The second attempt in 1884 learned some of the lessons of the first. A team of eleven set out from England captained by an actual cricketer in the Hon. Tennyson Morley Morley Morley of Winchester College. Each member of the team had a specific fielding position and three of them were slow left arm bowlers who worked in relays. Furthermore they avoided local batsmen by bowling at night. Progressing from the Queensland Coast they came to a small town inside the New South Wales Border. Here the expedition began to founder. The weary party arrived as dawn was breaking and yet another local shindig was beginning. The team could not resist joining in the festivities and got thoroughly drunk before asking what the name of the town was. When told it was Wee Waa hysterical laughter broke out among the reserved English gentlemen. Two of the bowlers were sent home with split sides and a third was still laughing when visited in confinement seven years later. The rest were in no fit state to continue due to a combination of dehydration through shedding tears of mirth and being assaulted by the insulted locals. The British government telegraphed the colonial administration and demanded that the name of this town be changed. When it refused Britain declared an expedition embargo on Australia which almost brought the country to its knees but paved the way for further immigration from other parts of the world whose own adventurers rediscovered cowpats and other Australian delicacies.

With no more British expeditions the Australians themselves made several attempts. Hiring British bowlers from as far afield as Devon and Dundee a number of famous parties set out with the hopes of a nation resting on them. They have been immortalised in the bush ballads of Harry Cackbottom and Sludgie McGurkwash amongst others. The tale of Ron the Con and Flatbellied Don who attempted the crossing double handed is sung by every Australian. But all the Australian expeditions foundered through a lack of balance. Sometimes a member of the party would keel over and die because they did not say the word 'mate' at the end of a sentence. Then they would collapse into arguments and disarray because everyone was addressed as 'mate' by everyone else and no one could distinguish who was who. It would be several years before 'Bruce' became the first and last Australian name. After the seventh such expedition the natives had had enough. There would be no more attempts to cross Australia by Slow Left Arm Bowler and this final frontier would remain unbreached by man.

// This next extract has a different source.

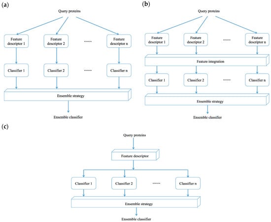 Most of the recently developed methods for protein fold recognition are based on ensemble classifier models. Figure 3 shows the three general types of ensemble classifier models. For given n different single basic classifiers, the first type of ensemble classifier-based methods use one specific feature descriptor to encode query proteins with feature representations (Figure 3a); the feature representations are trained with each single basic classifier to create n single classifier models, and then all of the n trained single classifier models are combined with ensemble strategies to generate an ensemble classifier-based model. For a given n different single basic classifiers and n different feature descriptors, the second type of ensemble classifier-based methods use n feature descriptors to encode query proteins with n different feature representations (Figure 3b); the n feature representations are sequentially combined as one to train the n single basic classifiers, and then all of the n trained single classifier models are combined with ensemble strategies to generate an ensemble classifier-based model. For a given specific classifier and n different feature descriptors, the third type of ensemble classifier-based methods use n feature descriptors to encode query proteins with n different feature representations (Figure 3c); the n feature representations are respectively trained with a specific single classifier to construct n single classifier-based models, and then all of the n trained single classifier models are combined with ensemble strategies to generate an ensemble classifier-based model. This section highlights some representative ensemble methods used in protein fold recognition.

This was not quite the end of the story. A joint English-Australian-West Indian team set out in 1965 in the hope of raising interest in future cricket series' involving these countries. It was a disaster. West Indians only joined in to show they had slow left armers in their islands and did not appreciate being asked to do other duties. The English supplied the main bowlers but discovered Australians could not field to them. The Australians were hounded by their own press who felt they were betraying the country by helping Pommie bowlers cross it. The expedition ended two weeks after it had begun in the middle of the Australian desert. But one good thing came out of it. Scientists had used the expedition to measure variations in flight and action amongst the bowlers to calculate exactly how a future expedition should bowl and what its route should be. Their calculations were controversial because they concluded that they should start in New Zealand and finish in Canada. But at least the groundwork had been laid if at some future date there was someone with a bottomless pit of money to resource an expedition and enough bowlers capable of fulfilling the requirements. This has not happened yet. But who is to say that in this day and age the raw material cannot rise to make the theory a reality?

Today the minds of the world return to this final great adventure. Those scientists never calculated how women or horses could cross Australia by Slow Left Arm Bowler. Maybe they are the missing element. Since when did women have enough sense of humour to injure themselves laughing at Wee Waa? Since when did horses have names as simple as humans? It only takes a few training sessions to get them up to the standard. Maybe the real achievement of Anna Hingley is entirely different to the one being rightly celebrated in so many stables and knitting circles today.